StudyPalGeo is a study tool developed using a Retrieval Augmented Generation (RAG) Framework with Large Language Models (LLMs). This tool is designed to support students in their revision and exam preparation by providing reliable and level-appropriate explanations for various topics. It reduces the time spent searching for information and ensures that the generated answers are both accurate and relevant to the exam level.
The rapid advancements in Generative AI have opened up opportunities to create tools that can greatly benefit academic and everyday life. We chose this project because LLMs allow us to build a helpful tool that can save students valuable time and reduce exam-related stress by ensuring the accuracy and relevance of the information provided.
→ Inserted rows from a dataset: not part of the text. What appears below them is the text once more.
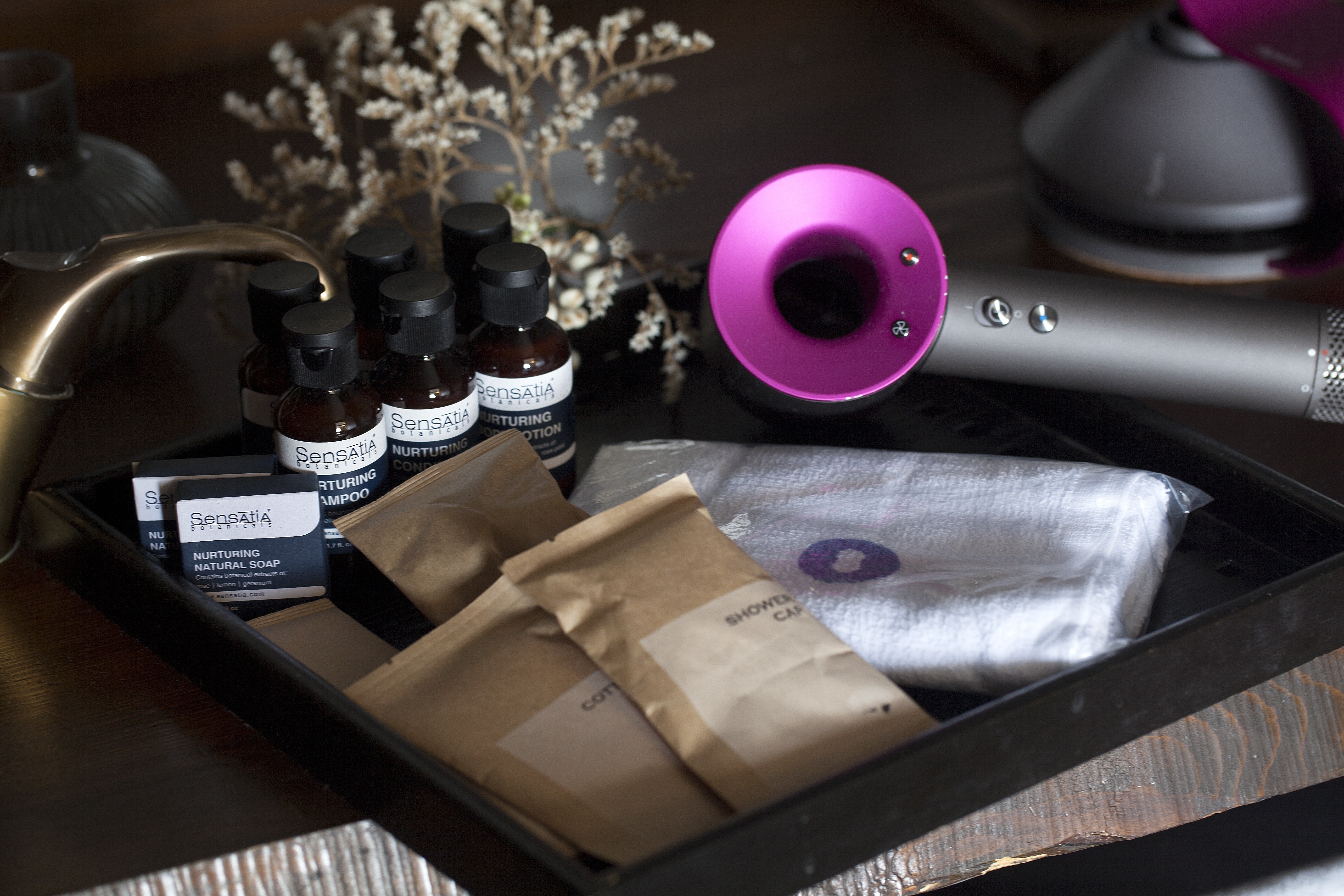 アメニティにも細やかな心配りを。シャワーヘッドにはミラブル社製、ドライヤーにはダイソン社製を採用するなど、上質な滞在を支えるための設備を採用しています。
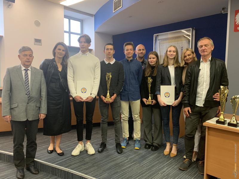 Uroczystość podsumowania współzawodnictwa sportowego szkół za rok szkolny 2021/2022 - sala sesyjna Urzędu Miasta 21.06.2022 r. Zwycięzcy w kategorii Licealiady, dziewczęta i chłopcy z IV LO im. H. Sienkiewicza.
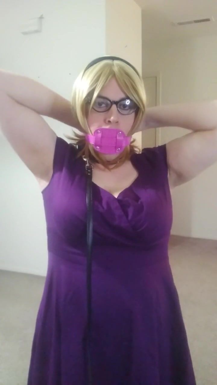 Sissy showing off some new bondage gear. Collar, cuffs, chastity, heels and a penis gag....everything is locked on! What would you do, if you had this sissy's keys? How else should she be tied up?

This tool is particularly useful for exams like the GCSE, where students often encounter overly complex resources during their online searches. By focusing on providing information relevant to the specific exam level, our study tool aims to be a reliable aid in students' academic journeys.
We worked collaboratively to build an end-to-end RAG framework, involving the following steps:
- Domain Area Identification: Focused on Education, specifically exam preparation.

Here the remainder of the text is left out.